What is needed » Please restate the data that follows word for word, with the pictures left out.

Given data »
-- Opening Marker --

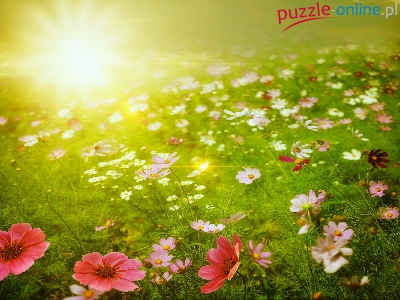 Puzzle Promienie, Łąka, Kwiaty, Słońca
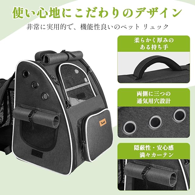 【優れた安定性】人間工学に基づき設計した幅広肩ベルトで長時間背負っても疲れません。肩への食い込みを軽減し、負担を軽減できるペットキャリー リュックです、胸元ベルトがあり、安定性いいです。丈夫な仕組みで底部はしっかりして型崩れしにくい設計、空間をしっかり確保します。ペットにも快適で過ごすことができます猫 りゅっく キャリー です。
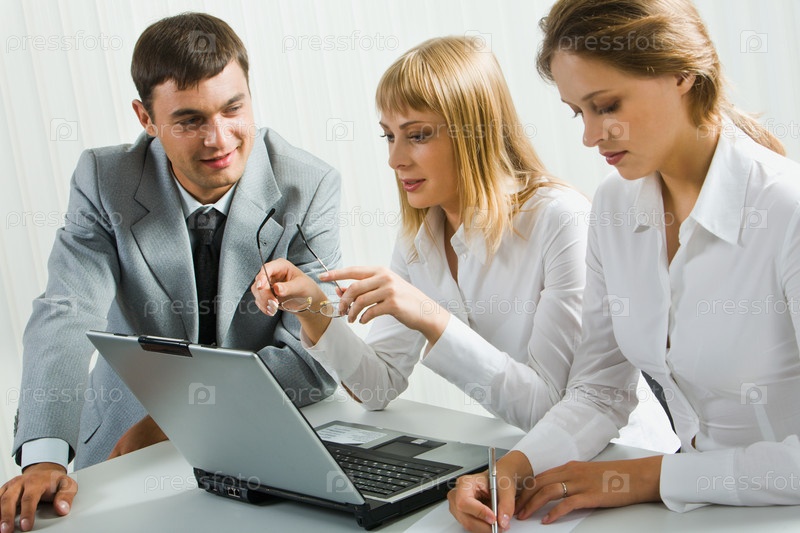 Уверенный специалист объясняет бизнес-отчет своим коллегам в офисе
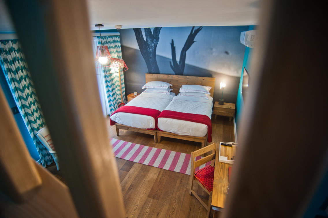 The familly rooms are loft rooms, with twin beds downstairs and ...

-- Closing Marker --

Expected answer »
 Puzzle Promienie, Łąka, Kwiaty, Słońca
 【優れた安定性】人間工学に基づき設計した幅広肩ベルトで長時間背負っても疲れません。肩への食い込みを軽減し、負担を軽減できるペットキャリー リュックです、胸元ベルトがあり、安定性いいです。丈夫な仕組みで底部はしっかりして型崩れしにくい設計、空間をしっかり確保します。ペットにも快適で過ごすことができます猫 りゅっく キャリー です。
 Уверенный специалист объясняет бизнес-отчет своим коллегам в офисе
 The familly rooms are loft rooms, with twin beds downstairs and ...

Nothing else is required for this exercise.